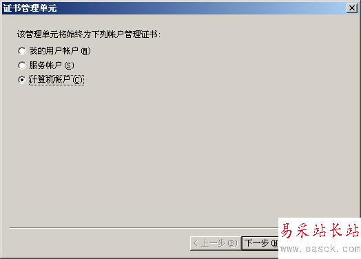 4.選擇“計算機帳戶”,點擊“下一步”:
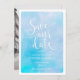 Salve nossos convites de casamento de data em azul d'água, adicione uma foto do casal feliz no verso e seu endereço de site opcional.
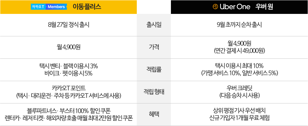 - 카카오모빌리티는 8월에 '카카오T 멤버스'를, 우버 택시는 9월에 '우버 원' 이라는 서비스명의 구독 모델을 출시
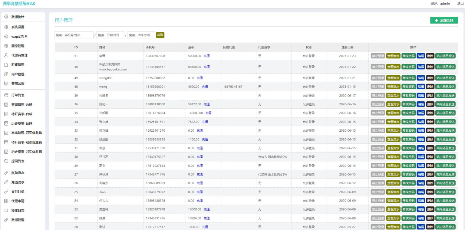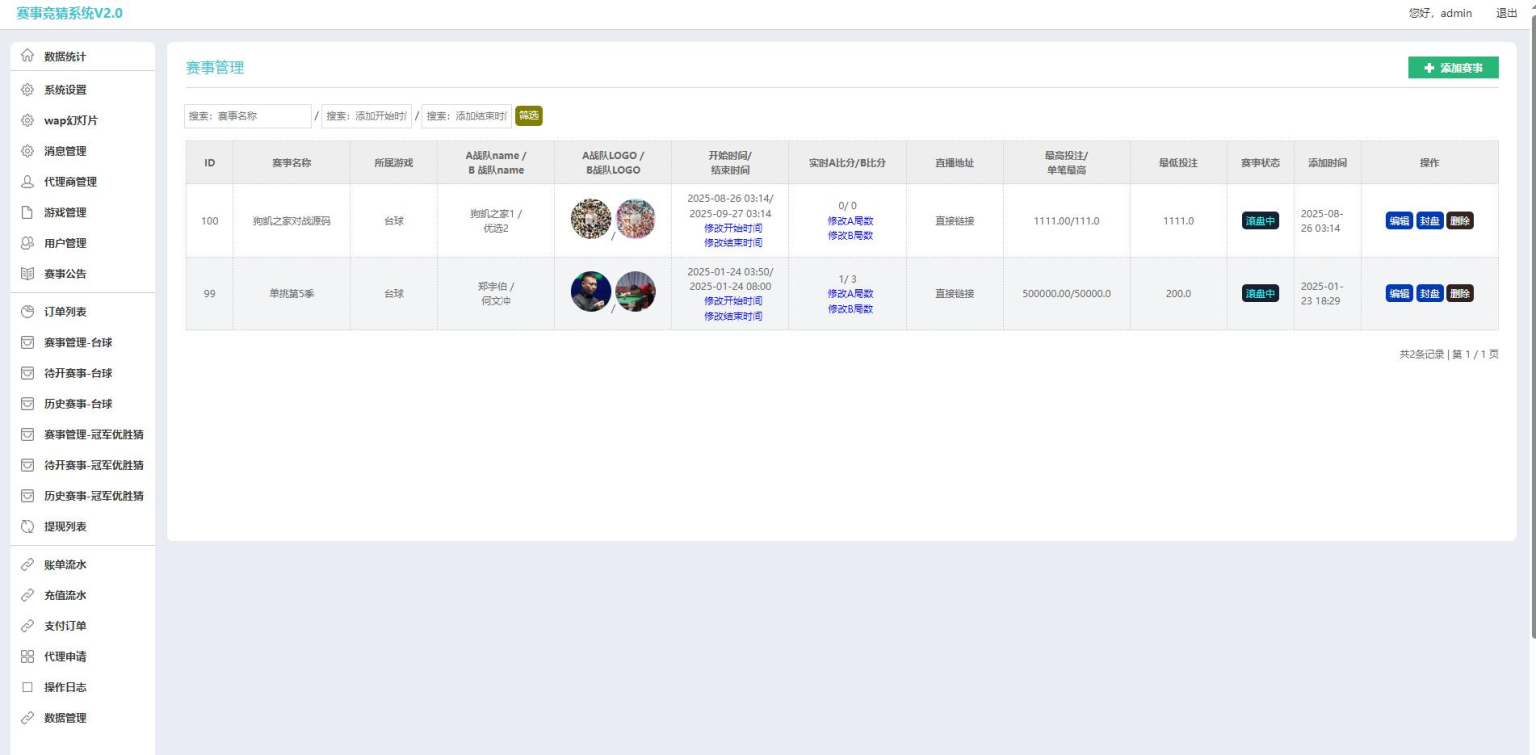 这个还行,我测试看如果修改密码后台就会少些系统设置,这个具体你们自己看看什么原因我没时间看了,赛事自定义设置,也有冠军赛事,自定义赔率,本来是卖的,想了下放给会员当福利吧,里面的支付配置分别在wx和Alipay如果不想对接就设置维护客服在线充值,客服后台可以自定义代码
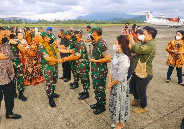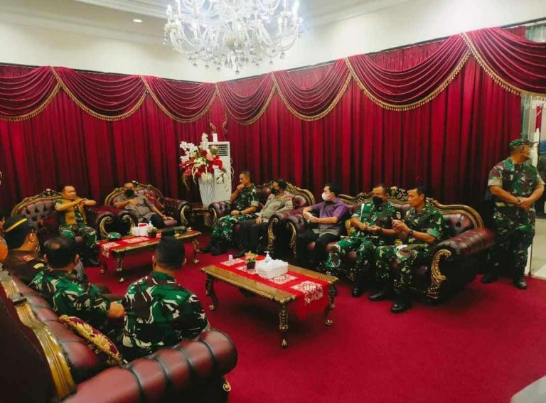 BOLTIM- Bupati Bolaang Mongondow Timur (Boltim) Sam Sachrul Mamonto menyambut kedatangan Kepala Staf Angkatan Darat (KASAD), Jenderal TNI Dudung Abdurachman, di Wisma Negara Bumi Beringin Manado, Minggu (10/4).

[GOAL OF THE EXERCISE]: Pictures stay out; everything else in the listing above gets repeated exactly.

[ANSWER SECTION]:
 4.選擇“計算機帳戶”,點擊“下一步”:
 Salve nossos convites de casamento de data em azul d'água, adicione uma foto do casal feliz no verso e seu endereço de site opcional.
 - 카카오모빌리티는 8월에 '카카오T 멤버스'를, 우버 택시는 9월에 '우버 원' 이라는 서비스명의 구독 모델을 출시
 这个还行,我测试看如果修改密码后台就会少些系统设置,这个具体你们自己看看什么原因我没时间看了,赛事自定义设置,也有冠军赛事,自定义赔率,本来是卖的,想了下放给会员当福利吧,里面的支付配置分别在wx和Alipay如果不想对接就设置维护客服在线充值,客服后台可以自定义代码
 BOLTIM- Bupati Bolaang Mongondow Timur (Boltim) Sam Sachrul Mamonto menyambut kedatangan Kepala Staf Angkatan Darat (KASAD), Jenderal TNI Dudung Abdurachman, di Wisma Negara Bumi Beringin Manado, Minggu (10/4).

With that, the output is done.